Caused by: com.mchange.v2.resourcepool.TimeoutException: A client timed out while waiting to acquire a resource from com.mchange.v2.resourcepool.BasicResourcePool@7152381b – timeout at awaitAvailable()
com.vmware.horizon.directory.ldap.dc.commons.LdapPingChecker - Communication Error connecting to dc domcontrol.example.com for domain example.com
VMware Identity Manager = Workspace ONE Access 3.3.7
Restarting the nodes made all the active threads to be killed, hence the system could came up successfully straight after.

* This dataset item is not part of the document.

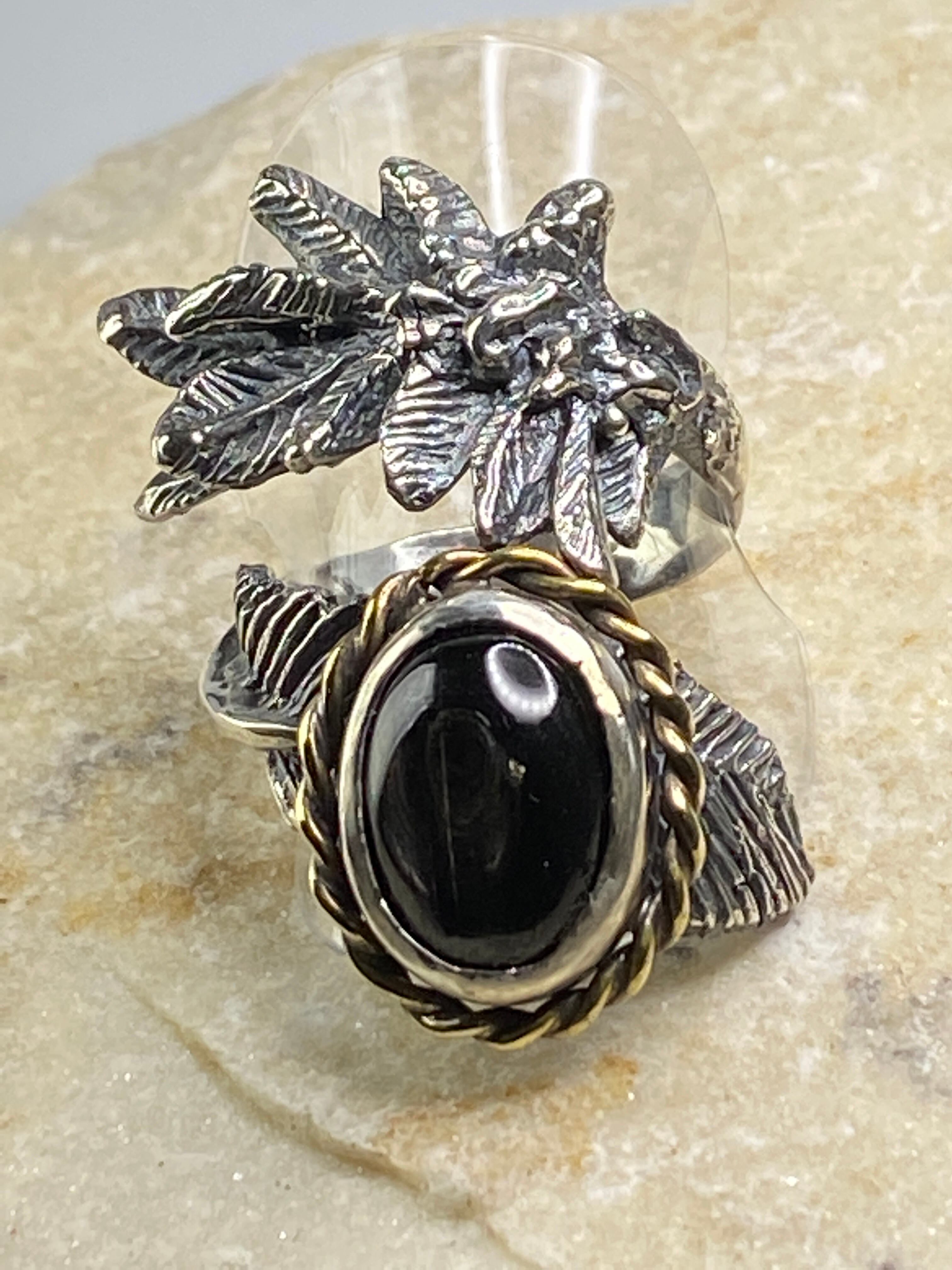 過去作の「owl wing large」とフェザーリングを組み合わせ、更に特徴的な反射光のハイパースシーンを留め、周囲に真鍮の装飾を加えた一点モノのリングです。

To avoid such issues in future, you can update the DB configuration datastore.poolConfig.maxPoolSize to new value 200 in the following file: /usr/local/horizon/conf/runtime-config.properties
This is how it looks in context.
Leave the other settings unchanged and edit maxPoolSize to have new value 200:
#DB connection pooling
datastore.poolConfig.numHelperThreads=10
datastore.poolConfig.maxPoolSize=150 -> datastore.poolConfig.maxPoolSize=200
datastore.poolConfig.minPoolSize=30
Once the file is saved, proceed with the restart of all nodes in the cluster.
Keep in mind there will be a downtime of a few minutes while the nodes restart.